En paralelo, solamente aquí y allá aparecían algunas personas que pretendían continuar con la investigación en los medios o en los tribunales. Casi todas ellas pagaron un costo no pequeño por hacerlo. En algunos casos, se sentaron en el banquillo tras querellas interpuestas contra ellos por políticos o jefes de policía. Aunque, en general, lograron ser absueltos no es menos cierto que el llegar a ese resultado les ha costado años, sufrimientos y gastos. Pero, posiblemente, la persona que ha pagado un tributo más elevado por ese intento de esclarecer la verdad haya sido la juez Coro Cillán, la última que desde su juzgado intentó mostrar cómo una alta autoridad policial había falsificado pruebas relacionadas con los atentados.

Coro Cillán no sólo sufrió el entorpecimiento de su labor sino que se vio expulsada de la carrera judicial por razones más que discutibles para, poco después, verse reducida a la miseria y a dormir en sitios públicos al haber perdido su vivienda y tener su pensión bloqueada.

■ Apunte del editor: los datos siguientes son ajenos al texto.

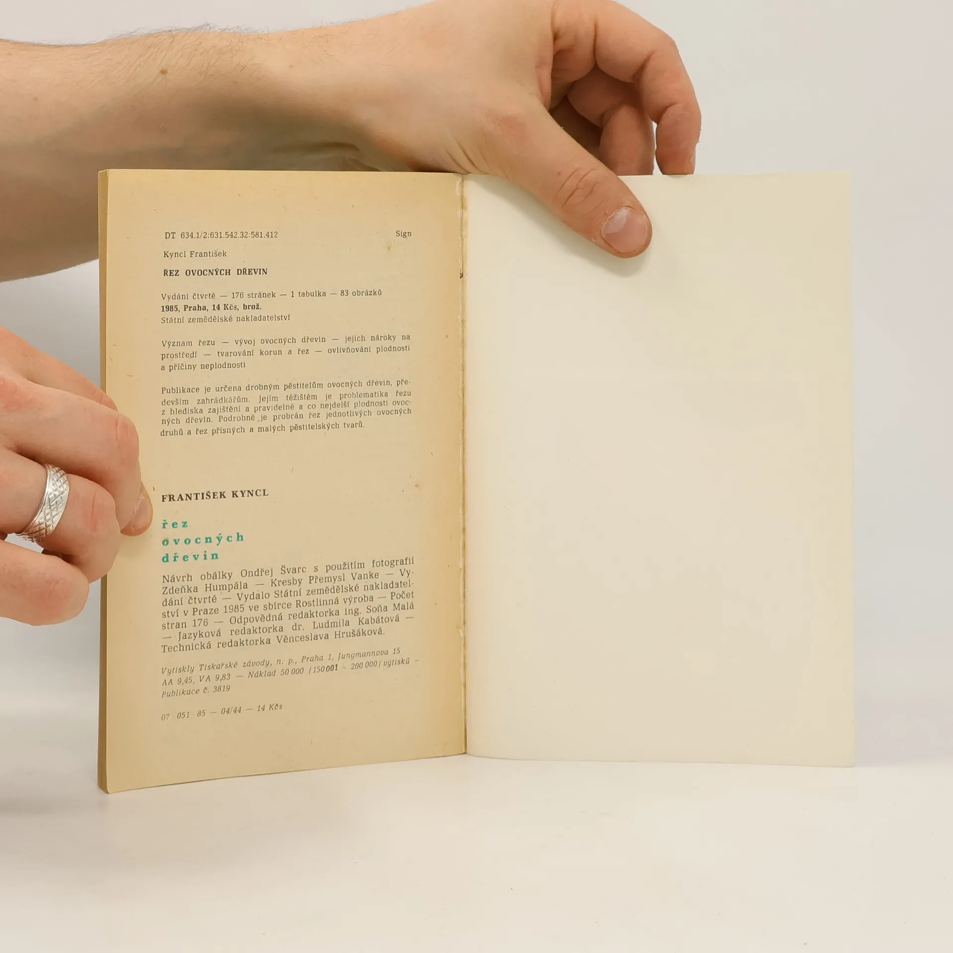 Publikace je určena drobným pěstitelům ovocných dřevin, především zahrádkářům. Jejím těžištěm je problematika řezu z hlediska zajištění pravidelné a co nejdelší plodnosti ovocných dřevin. Podrobně je probrán řez jednotlivých ovocných druhů a řez přísných a malých pěstitelských tvarů. 176 stránek, 1 tabulka, 83 obrázků. Vydání třetí. Návrh obálky Ondřej Švarc s použitím fotografie Zdeňka Humpála.

Tras perder mucho peso y ser ingresada hospitalariamente, tras padecer desnutrición y no contar con abrigo, es posible, lamentablemente, que Coro Cillán esté en el tramo final de una existencia al servicio de la ley, servicio que incluyó el intento infructuoso de aclarar el mayor atentado de la Historia de España.

Pero el tristísimo caso de la juez es sólo un síntoma más de las graves dolencias morales de una sociedad profundamente enferma sobre la que reflexioné desde esta misma tribuna en mi serie sobre lo podrido que existía en España.

Lamentablemente, se trata de una sociedad que se dejó manipular    mayoritariamente por los atentados del 11-M llevando a ZP a la presidencia del gobierno y que, desde entonces, volvió a unir a la izquierda con unas acciones callejeras que explican el nacimiento y el auge de Podemos.

Lamentablemente, se trata de una sociedad que mayoritariamente ha decidido olvidar los atentados del 11-M y que, mayoritariamente también, ha respaldado en las urnas al político que designó al fiscal general que cerró de manera definitiva la causa del 11-M.

Lamentablemente, se trata de una sociedad que también mayoritariamente da muestras de ingratitud tan escalofriantes como las que rodean los últimos años de la jueza Coro Cillán.

Es posible que a la jueza Coro Cillán le quede poco de vida, pero resulta obligado preguntarse si para ella abandonar este mundo no será un destino más que dulce que el de vivir en medio de una sociedad que mayoritariamente olvida a las víctimas del terrorismo, que mayoritariamente no quiere saber la verdad y que mayoritariamente es ingrata hasta la saciedad con aquellos que, verdaderamente, han intentado hacerle el bien mostrándole la verdad.

Medite en todo ello el lector y quizá comprenderá con más facilidad la crisis por la que atraviesa actualmente el sistema español surgido durante la Transición.